Why this is safe now (and was not before)
-----------------------------------------

The 2026-05-13 comment on #36 argued the aliases shouldn't land until
end-to-end compilation worked, otherwise they'd short-circuit hypatia's
fallback to `compile` with the same parse failure and replace the
existing structured `::warning::` with a silent error.

After Phases A-C in this PR, that argument is satisfied for the
`extern "abi"` portion of the v2 grammar — extern blocks parse,
typecheck, and codegen to valid wasm. `bridge.eph` itself still
needs the remaining grammar pieces (annotations + tuple destructuring
in `let!`), which is the next phase of work on #43. Once that lands,
the aliases pick up `bridge.eph` automatically — no further CLI
changes needed.

Tests
-----

- `src/ephapax-cli/tests/v2_grammar_phase_d_aliases.rs`:
  - `compile_eph_alias_routes_to_compile`
  - `compile_affine_alias_routes_to_compile`

  Both spawn the built `ephapax` binary and assert it compiles
  `extern-callsite.eph` to a wasm file with the `\0asm` magic bytes.

- New dev-deps: `tempfile = "3"`.

- `cargo test --workspace` — all binaries pass.

Co-Authored-By: Claude Opus 4.7 <noreply@anthropic.com>
Next chunk of the v2-grammar work for #43, on top
of #45's Phase A→D. This PR drops three more bridge.eph blockers:

1. **`@identifier` decorator annotations** on top-level declarations.
   `@tail_recursive`, `@inline`, `@no_mangle`, etc. now parse without
   semantic effect — they're stored at the parser layer so the surface
   AST round-trips. Both the surface parser (`parse_surface_declaration`)
   and the core parser (`parse_declaration`) skip past annotation pairs
   before dispatching to the actual decl handler.

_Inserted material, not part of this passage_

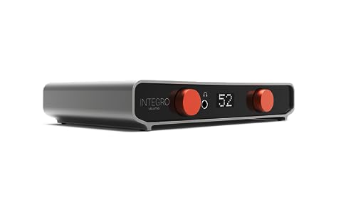 - 電子回路は非磁性アルミニウムの筐体に包まれ、2つのオレンジ色のノブでボリュームのコントロールや入力の選択ができる。

2. **Tuple destructuring in `let` / `let!` binders.** A new `let_binder`
   grammar rule accepts either a single identifier (current behaviour)
   or a `tuple_binder` of the form `(a, b, c, ...)`. Tuple binders lower
   at parse time to a 1-arm `match e of | (a, b, ...) => body end`,
   reusing the existing `Pattern::Pair` infrastructure.

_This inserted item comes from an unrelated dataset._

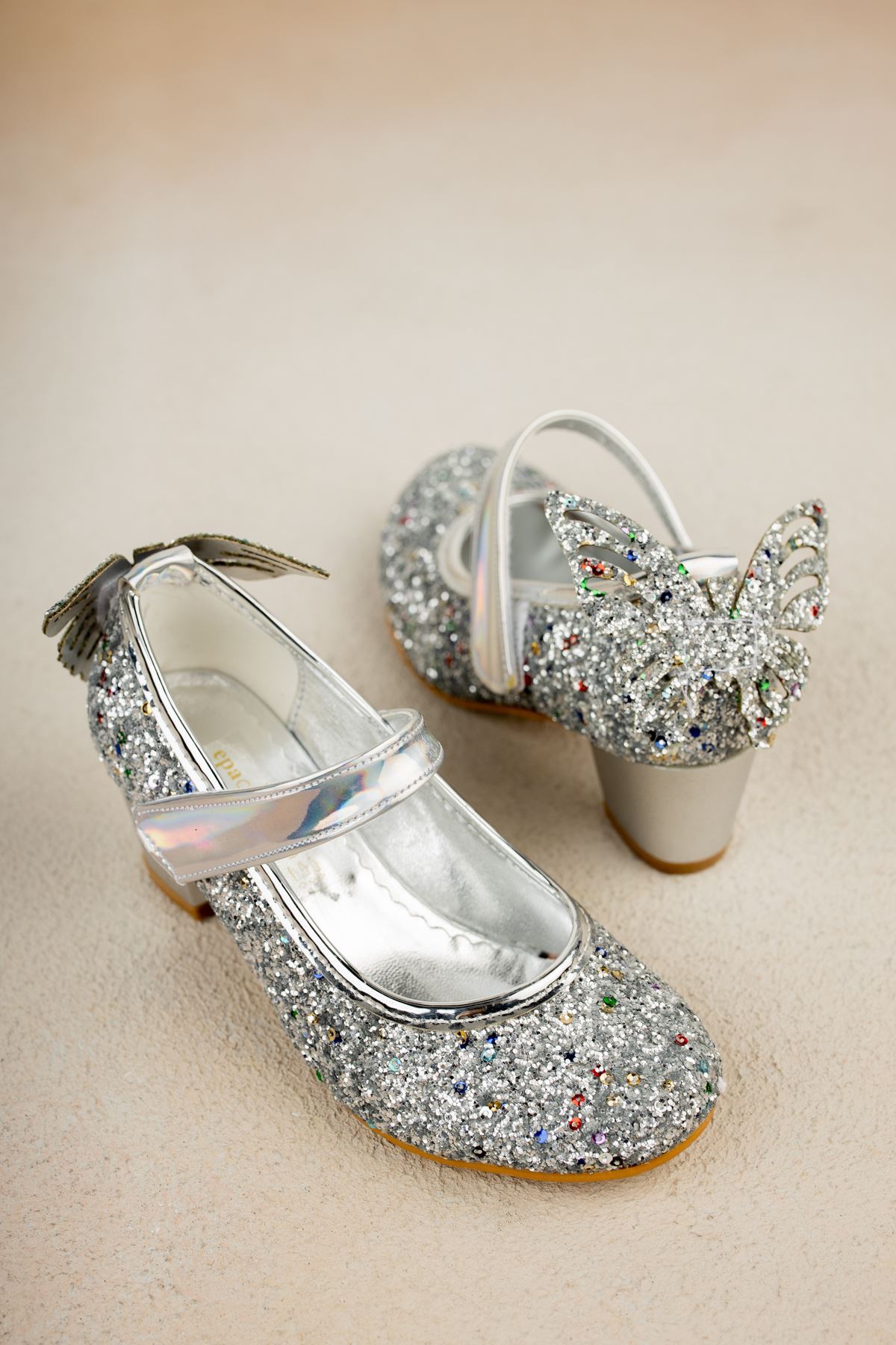 Topuklu Arkası Kelebekli Gümüş Taşlı Ayakkabı

   The desugar pass gains a fast-path: a 1-arm match whose pattern is
   not a `Constructor` delegates straight to `bind_single_pattern`,
   bypassing the sum-type case-tree builder that previously required
   constructor patterns.

3. **`(T1, T2)` resolves to `SurfaceTy::Prod`** (binary product) when
   exactly two element types, matching the value-side `paren_or_pair`
   convention (`(1, 2)` parses as `Pair{left, right}`). Three-or-more
   element types still become `SurfaceTy::Tuple`. Without this fix,
   `let p: (I32, I32) = (1, 2)` failed type-checking because the
   annotation type and the value's inferred type were structurally
   different.

What's *still* deferred (out of scope for this PR):

- **Implicit `in`** between sequential `let` bindings inside a fn body
  (bridge.eph chains `let! ... let ... let! ...` without `in` keywords).
  This is a deeper grammar change — needs a `block_expr` form and a
  rewire of how `fn_body` parses.
- **Abstract extern type registration** (`extern "abi" { type Window }`
  → typechecker-visible opaque type). Phase B still drops `ExternItem::Type`.
- **`Unit` as a type-name alias** for `()`.

Tests
-----

- New fixture `tests/v2-grammar/fixtures/let-pair-explicit-in.eph`
- New integration test file `src/ephapax-cli/tests/v2_grammar_phase_e.rs`:
  - `annotation_on_fn_decl_parses`
  - `multiple_annotations_on_fn_decl_parse`
  - `let_pair_binder_compiles_end_to_end` (parse → desugar → typecheck → wasm validate)
  - `let_pair_lin_binder_parses` (covers the `let!` form bridge.eph uses)

- `cargo test --workspace` clean — no regressions in the existing
  match / pair / desugar tests.

Co-Authored-By: Claude Opus 4.7 <noreply@anthropic.com>
Three more v2-grammar pieces for #43, on top of the
phase E PR. After this commit, hypatia's bridge.eph parses end-to-end
and desugars cleanly through every `extern "gossamer"` signature; the
remaining gate is cross-module type resolution for `Model`/`Msg`/etc.
imported from `hypatia/ui/gui` (#43 follow-up).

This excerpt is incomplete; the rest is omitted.